Model each content type as a named collection with an explicit schema. Decide the fields, their types, which are required, and what values each may take, and write that down as a schema rather than leaving it to convention and memory.

Separate the content from its presentation. Hold the content as data that carries meaning, e.g. structured text files or records, and let templates decide appearance, so the same item can drive a detail page, a listing, a feed, and an external consumer without being rewritten for each.

Give authors type-safe access and legible errors. The content’s shape should be visible to the tools authors already use, through autocompletion and inline validation, and a failure should name which field in which item is wrong and why, so the feedback teaches rather than merely blocks.

Model relationships explicitly. Where one item refers to another, e.g. a pattern to its siblings or a dataset to its authors, express that as a typed reference between collections rather than as a loose string, so the link can be validated and followed rather than silently rotting.

Emit machine-readable structure for the consumers that need it. Where discovery or interchange matters, project the content into a recognised vocabulary, e.g. schema.org expressed as JSON-LD, so that search services, aggregators, and archives read it reliably. This reinforces FAIR findability as well as reuse.

Treat the schema as a versioned specification. Change it through review, and migrate existing content when it changes, so the contract between authors and consumers stays honest rather than drifting. Validate every item against the current schema as part of producing the site, which the sibling process pattern on build-time validation puts into effect.

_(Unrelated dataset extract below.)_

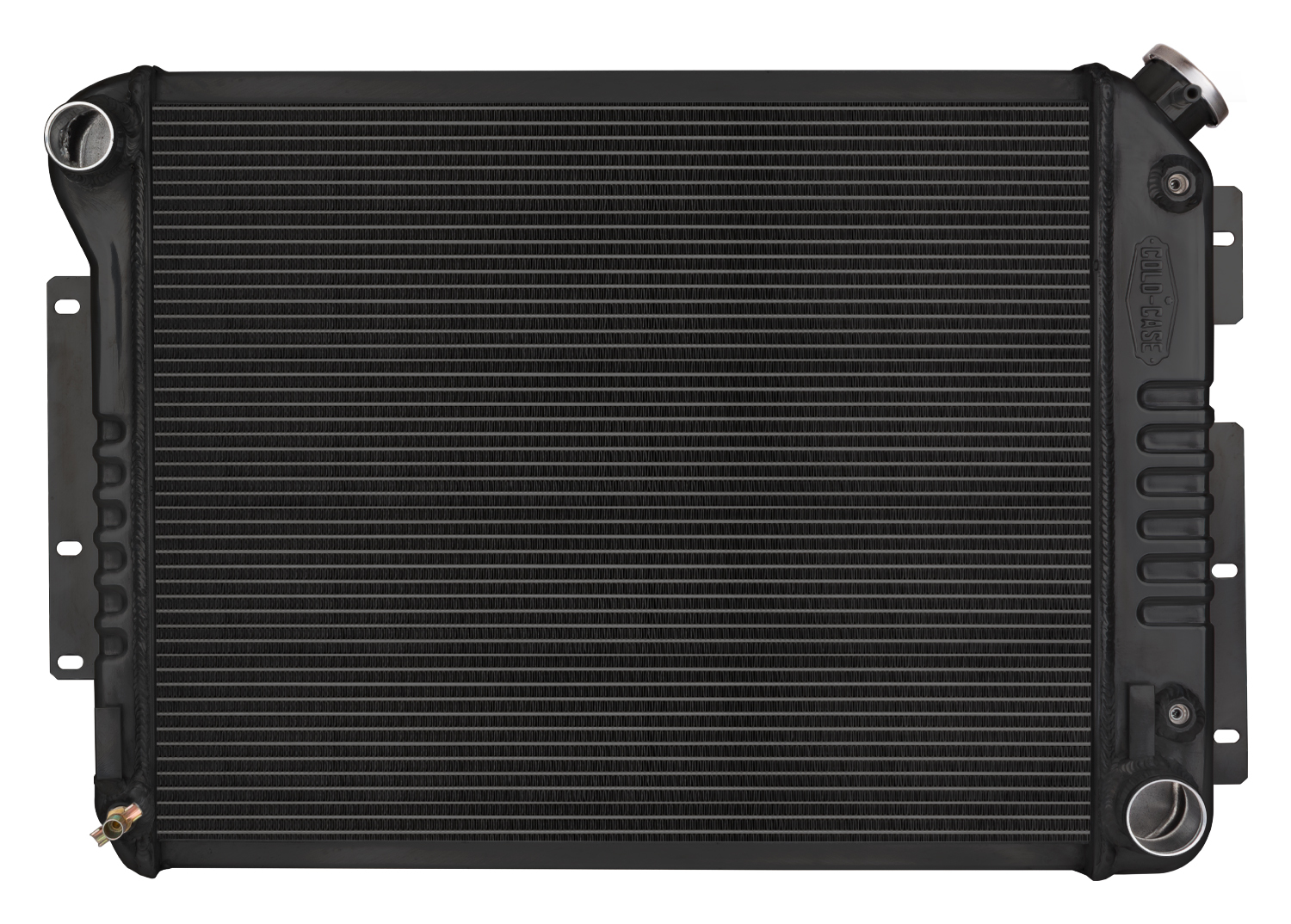 Radiator – Black Night Rider Series – 28.8 in W x 18.5 in H x 3 in D – Driver Side Inlet – Passenger Side Outlet – Aluminum – Black Paint – Automatic – GM F-Body 1967-69 – Each

One content source, validated once against an explicit schema, feeds many peer consumers; the rendered page is just one of them.

Implementations

Astro’s content collections are an exemplar static-site implementation. A collection declares its schema as a Zod object, every item is validated at build, and templates receive typed content with editor autocompletion. The Content Layer adds typed references between collections and loading from files or external sources, so one collection can drive a detail page, a listing, an RSS feed, a search index, and a JSON-LD block for crawlers: the same content, validated once, feeding many peer consumers. Astro is worth singling out because it makes the right design the path of least resistance, which is what a good tool does for a good pattern rather than the other way around. See the content collections reference for the current API.

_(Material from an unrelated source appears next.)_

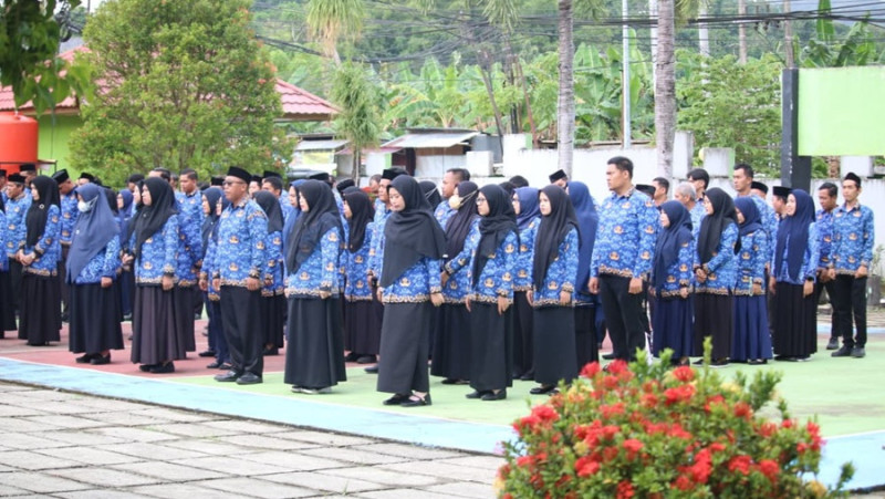 Upacara yang digelar di penghujung tahun 2025 ini berlangsung khidmat meski cuaca mendung menyelimuti kawasan perkantoran.

The RSE-CEP pattern site is this pattern running live: each pattern is a typed content collection whose frontmatter is defined by a schema, validated at build, with typed references between related patterns. It is one click away from a working modern implementation you can inspect rather than take on trust.

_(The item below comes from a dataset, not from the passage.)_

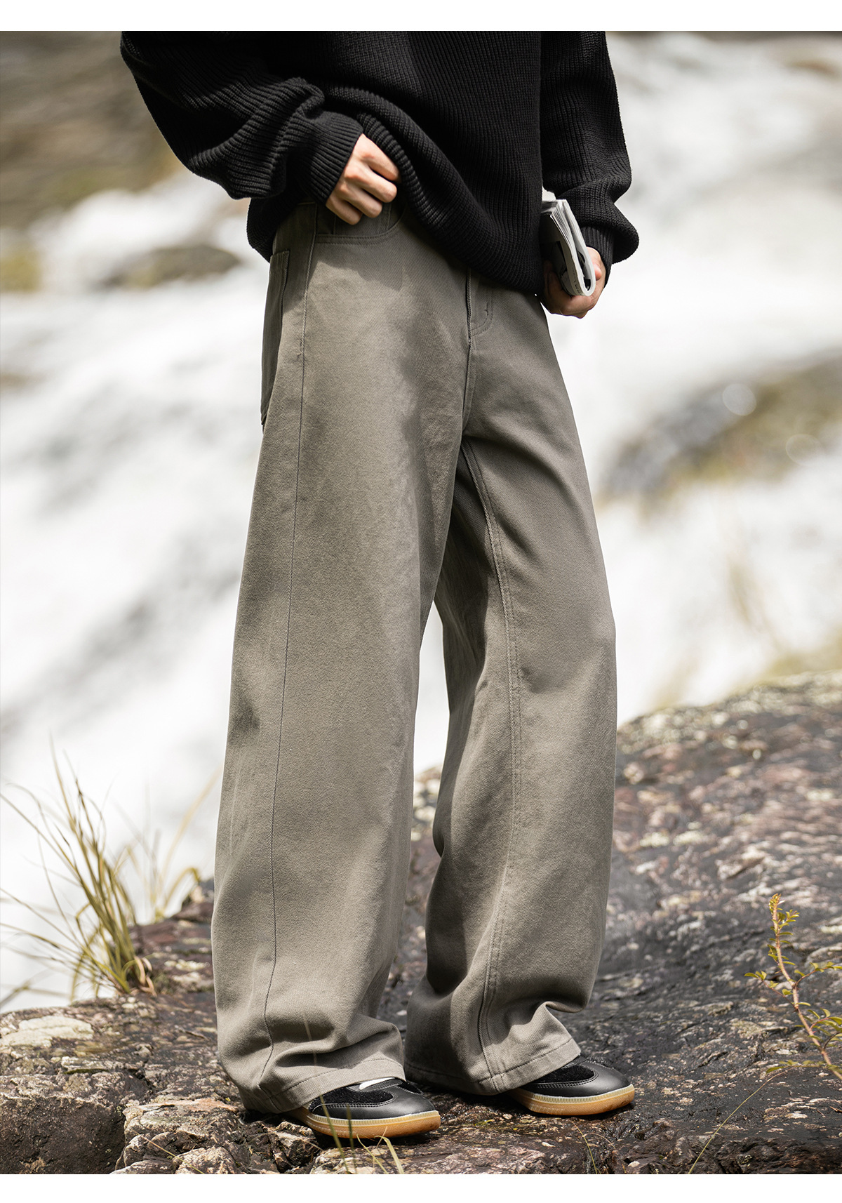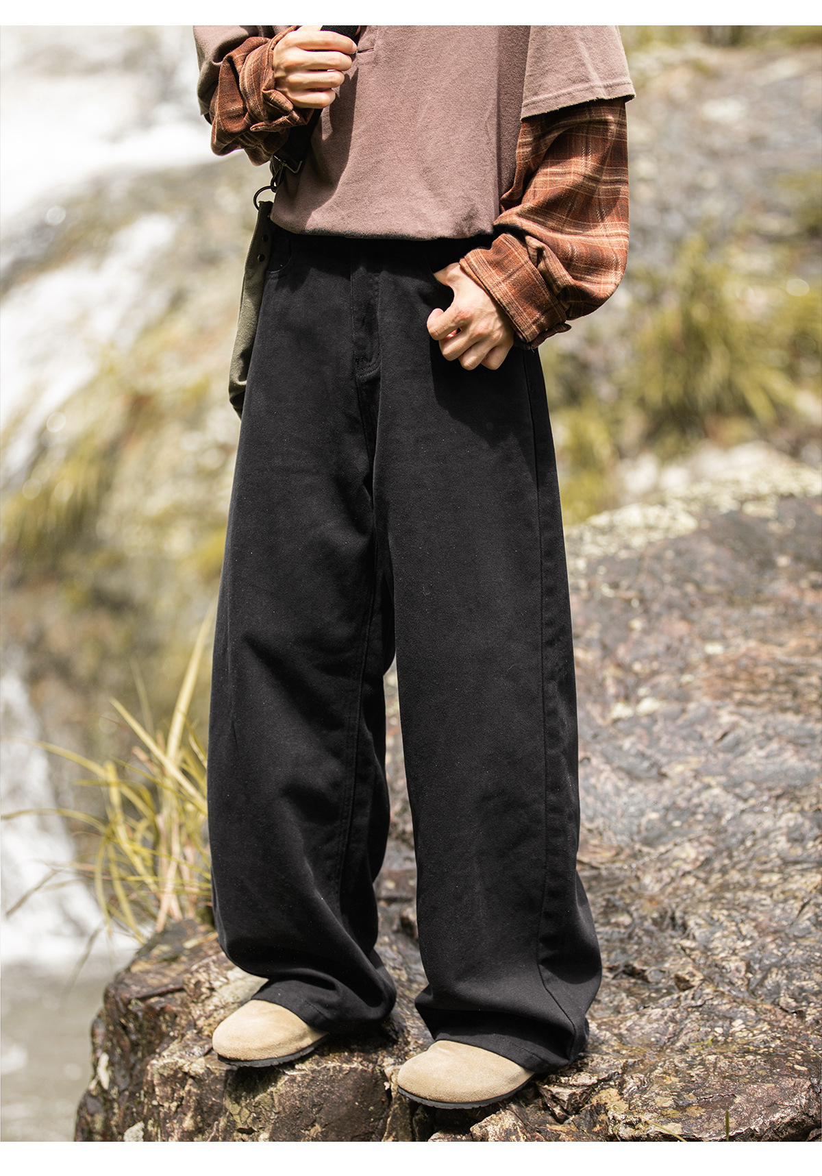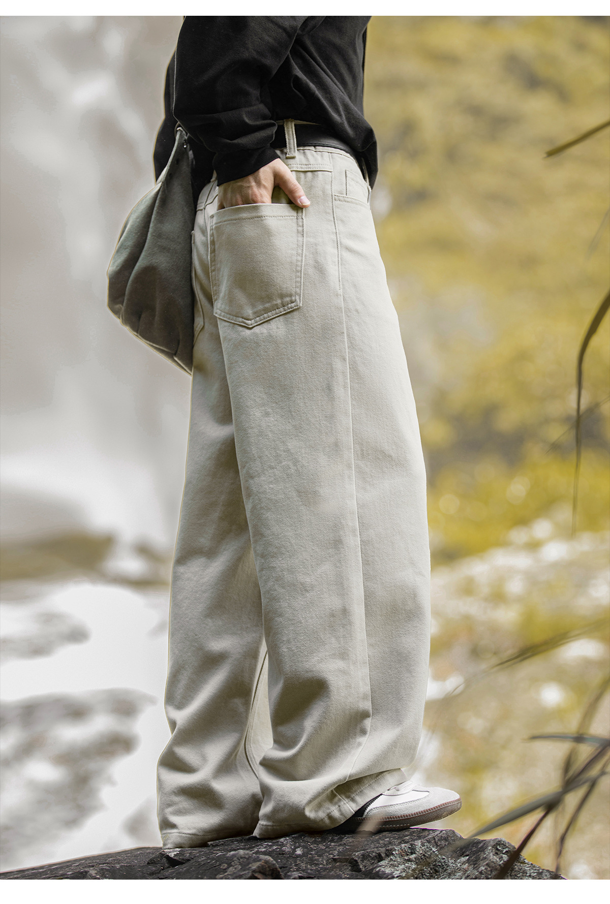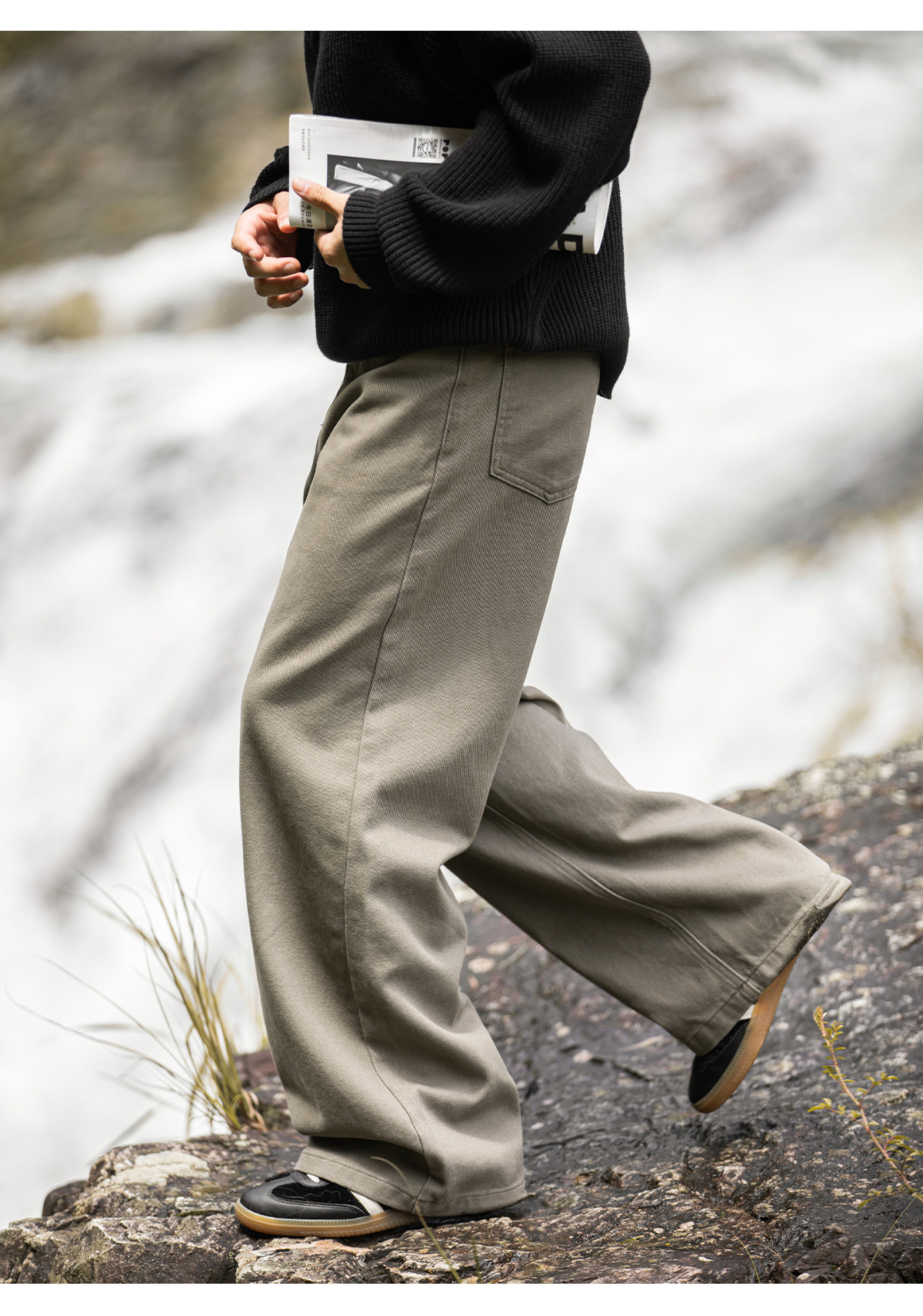 가을 스타일의 남성용 능직 마이크로 와이드 아웃도어 루즈 스트레이트 캐주얼 팬츠, 텍스처드 퓨어 코튼 트렌디 브랜드 레트로 반탄성 바지

The shape is not web-specific. RO-Crate applies the same idea to research-data packaging, i.e. schema-validated metadata as JSON-LD, held apart from an optional human-readable rendering. RO-Crate is already used in Australian research infrastructure such as the Language Data Commons of Australia.

References

Standards

JSON Schema: the general approach to validating structured documents across ecosystems.
schema.org: the common vocabulary for machine-readable structured content, typically expressed as JSON-LD for discovery.

Libraries

Zod: the TypeScript-first schema and validation library used by Astro content collections.

Other resources

The schema.org vocabulary is a common target for machine-readable structured content. Zod, a TypeScript-first schema and validation library, is the validation layer used by Astro content collections.

Acknowledgments

This pattern responds to concerns raised by participants in the HASS and Indigenous RDC Community Data Lab co-design workshop, in particular that software development too often prioritises features over long-term access to well-described data, leaving outputs unsustainable. It draws on the structured-metadata work of the RO-Crate and schema.org communities, whose conventions it points to rather than reinvents.